- ACTIVITY
Transcribe the data below verbatim from the line with "Badger sport shoulder" to the line with "在盘州市丹霞镇铁厂村油菜育苗". Include both of those lines.

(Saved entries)

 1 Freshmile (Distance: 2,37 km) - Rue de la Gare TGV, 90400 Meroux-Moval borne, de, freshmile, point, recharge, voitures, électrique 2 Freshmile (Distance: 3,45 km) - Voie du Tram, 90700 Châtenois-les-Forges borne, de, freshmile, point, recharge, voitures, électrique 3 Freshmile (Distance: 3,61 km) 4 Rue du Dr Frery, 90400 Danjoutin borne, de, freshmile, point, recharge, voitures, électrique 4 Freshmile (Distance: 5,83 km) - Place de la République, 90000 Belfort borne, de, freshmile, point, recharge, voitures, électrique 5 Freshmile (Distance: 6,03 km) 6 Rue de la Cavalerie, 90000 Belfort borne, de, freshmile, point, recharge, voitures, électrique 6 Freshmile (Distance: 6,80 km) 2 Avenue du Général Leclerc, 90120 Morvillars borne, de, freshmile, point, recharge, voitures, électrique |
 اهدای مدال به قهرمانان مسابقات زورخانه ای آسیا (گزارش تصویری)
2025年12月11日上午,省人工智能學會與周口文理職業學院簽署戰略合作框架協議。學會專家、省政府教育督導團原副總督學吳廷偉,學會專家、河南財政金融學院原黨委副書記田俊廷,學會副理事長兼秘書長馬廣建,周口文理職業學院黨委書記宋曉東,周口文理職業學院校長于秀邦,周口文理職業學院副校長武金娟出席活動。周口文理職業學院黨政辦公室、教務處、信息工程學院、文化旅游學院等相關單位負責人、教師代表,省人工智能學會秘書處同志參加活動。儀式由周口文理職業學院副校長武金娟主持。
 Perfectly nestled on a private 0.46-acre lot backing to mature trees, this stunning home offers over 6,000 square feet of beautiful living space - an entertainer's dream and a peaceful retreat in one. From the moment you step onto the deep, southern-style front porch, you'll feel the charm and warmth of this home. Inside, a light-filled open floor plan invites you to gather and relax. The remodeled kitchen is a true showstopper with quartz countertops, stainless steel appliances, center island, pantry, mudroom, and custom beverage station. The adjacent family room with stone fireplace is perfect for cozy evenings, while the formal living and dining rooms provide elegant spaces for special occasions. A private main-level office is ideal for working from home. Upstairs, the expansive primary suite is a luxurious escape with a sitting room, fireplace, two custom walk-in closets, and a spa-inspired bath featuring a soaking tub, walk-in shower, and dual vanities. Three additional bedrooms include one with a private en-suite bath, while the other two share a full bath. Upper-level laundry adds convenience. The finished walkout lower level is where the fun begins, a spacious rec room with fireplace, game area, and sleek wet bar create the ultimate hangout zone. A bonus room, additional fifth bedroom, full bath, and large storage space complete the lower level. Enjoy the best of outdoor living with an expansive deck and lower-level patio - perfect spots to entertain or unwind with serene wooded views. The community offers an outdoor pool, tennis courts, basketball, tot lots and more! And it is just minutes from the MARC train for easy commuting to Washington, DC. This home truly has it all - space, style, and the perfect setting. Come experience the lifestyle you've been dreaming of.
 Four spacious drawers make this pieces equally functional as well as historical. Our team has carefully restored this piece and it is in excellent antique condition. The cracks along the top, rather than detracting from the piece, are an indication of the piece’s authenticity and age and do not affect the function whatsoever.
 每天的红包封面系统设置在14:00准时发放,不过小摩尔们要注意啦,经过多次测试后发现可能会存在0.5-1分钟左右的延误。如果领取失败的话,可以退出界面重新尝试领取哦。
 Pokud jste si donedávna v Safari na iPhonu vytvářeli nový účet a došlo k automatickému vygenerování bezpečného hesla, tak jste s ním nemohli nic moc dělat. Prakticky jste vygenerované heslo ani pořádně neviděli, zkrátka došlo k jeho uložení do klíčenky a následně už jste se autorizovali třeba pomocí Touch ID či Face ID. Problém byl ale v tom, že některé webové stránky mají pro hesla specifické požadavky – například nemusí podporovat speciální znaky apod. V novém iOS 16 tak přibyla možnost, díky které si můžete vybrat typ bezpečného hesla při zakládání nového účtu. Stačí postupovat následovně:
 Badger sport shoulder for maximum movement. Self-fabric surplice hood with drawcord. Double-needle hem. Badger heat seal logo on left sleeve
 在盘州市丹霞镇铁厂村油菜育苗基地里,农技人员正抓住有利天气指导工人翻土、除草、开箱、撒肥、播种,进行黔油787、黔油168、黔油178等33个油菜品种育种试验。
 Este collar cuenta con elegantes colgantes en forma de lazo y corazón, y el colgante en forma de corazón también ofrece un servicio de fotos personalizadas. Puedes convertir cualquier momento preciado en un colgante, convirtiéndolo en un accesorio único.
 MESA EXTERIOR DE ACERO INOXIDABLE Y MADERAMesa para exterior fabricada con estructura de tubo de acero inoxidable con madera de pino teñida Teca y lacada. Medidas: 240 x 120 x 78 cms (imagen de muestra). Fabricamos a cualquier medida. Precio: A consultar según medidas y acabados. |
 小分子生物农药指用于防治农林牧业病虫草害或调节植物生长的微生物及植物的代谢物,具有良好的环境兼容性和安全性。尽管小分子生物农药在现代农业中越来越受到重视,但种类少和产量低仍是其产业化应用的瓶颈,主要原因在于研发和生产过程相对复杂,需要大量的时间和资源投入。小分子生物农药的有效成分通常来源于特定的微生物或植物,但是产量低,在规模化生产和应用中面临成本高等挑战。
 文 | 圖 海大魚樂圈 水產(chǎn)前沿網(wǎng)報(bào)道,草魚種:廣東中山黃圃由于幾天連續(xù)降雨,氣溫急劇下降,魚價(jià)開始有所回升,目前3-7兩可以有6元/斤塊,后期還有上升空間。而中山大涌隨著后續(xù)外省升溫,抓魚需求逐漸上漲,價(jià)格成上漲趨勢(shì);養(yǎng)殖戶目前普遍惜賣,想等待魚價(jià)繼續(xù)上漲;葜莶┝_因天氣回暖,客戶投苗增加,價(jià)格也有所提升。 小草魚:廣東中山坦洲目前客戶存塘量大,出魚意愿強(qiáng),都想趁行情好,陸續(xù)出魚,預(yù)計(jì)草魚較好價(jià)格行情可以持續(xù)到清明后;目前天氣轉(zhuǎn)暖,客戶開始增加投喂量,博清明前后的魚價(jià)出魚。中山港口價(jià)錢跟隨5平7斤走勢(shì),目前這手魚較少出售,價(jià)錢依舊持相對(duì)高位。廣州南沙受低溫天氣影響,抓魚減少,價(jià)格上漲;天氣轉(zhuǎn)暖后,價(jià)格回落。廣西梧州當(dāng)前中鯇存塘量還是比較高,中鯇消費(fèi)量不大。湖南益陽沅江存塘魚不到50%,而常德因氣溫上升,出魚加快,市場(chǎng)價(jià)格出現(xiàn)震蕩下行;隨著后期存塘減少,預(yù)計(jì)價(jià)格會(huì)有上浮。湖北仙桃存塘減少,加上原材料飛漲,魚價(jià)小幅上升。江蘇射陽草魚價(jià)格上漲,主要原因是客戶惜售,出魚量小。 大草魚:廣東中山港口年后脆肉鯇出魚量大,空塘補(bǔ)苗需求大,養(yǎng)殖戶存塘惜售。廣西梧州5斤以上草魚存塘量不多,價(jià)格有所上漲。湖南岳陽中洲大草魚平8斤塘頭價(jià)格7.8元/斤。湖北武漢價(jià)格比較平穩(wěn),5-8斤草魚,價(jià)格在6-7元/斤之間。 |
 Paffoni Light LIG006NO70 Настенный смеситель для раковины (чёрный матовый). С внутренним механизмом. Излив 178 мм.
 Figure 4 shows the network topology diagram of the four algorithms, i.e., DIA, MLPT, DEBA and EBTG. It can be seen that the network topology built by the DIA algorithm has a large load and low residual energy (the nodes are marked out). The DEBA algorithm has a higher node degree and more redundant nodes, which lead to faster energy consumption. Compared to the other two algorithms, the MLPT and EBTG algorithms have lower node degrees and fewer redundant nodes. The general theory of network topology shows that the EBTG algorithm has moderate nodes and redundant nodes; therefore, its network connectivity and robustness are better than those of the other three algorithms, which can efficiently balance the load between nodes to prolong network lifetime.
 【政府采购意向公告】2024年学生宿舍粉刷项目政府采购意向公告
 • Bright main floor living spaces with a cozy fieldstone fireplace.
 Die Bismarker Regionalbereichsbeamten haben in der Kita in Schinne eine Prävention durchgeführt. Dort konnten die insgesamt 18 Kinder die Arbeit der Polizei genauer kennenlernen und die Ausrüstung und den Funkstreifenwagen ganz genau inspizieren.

- TASK RESULT
 Badger sport shoulder for maximum movement. Self-fabric surplice hood with drawcord. Double-needle hem. Badger heat seal logo on left sleeve
 在盘州市丹霞镇铁厂村油菜育苗基地里,农技人员正抓住有利天气指导工人翻土、除草、开箱、撒肥、播种,进行黔油787、黔油168、黔油178等33个油菜品种育种试验。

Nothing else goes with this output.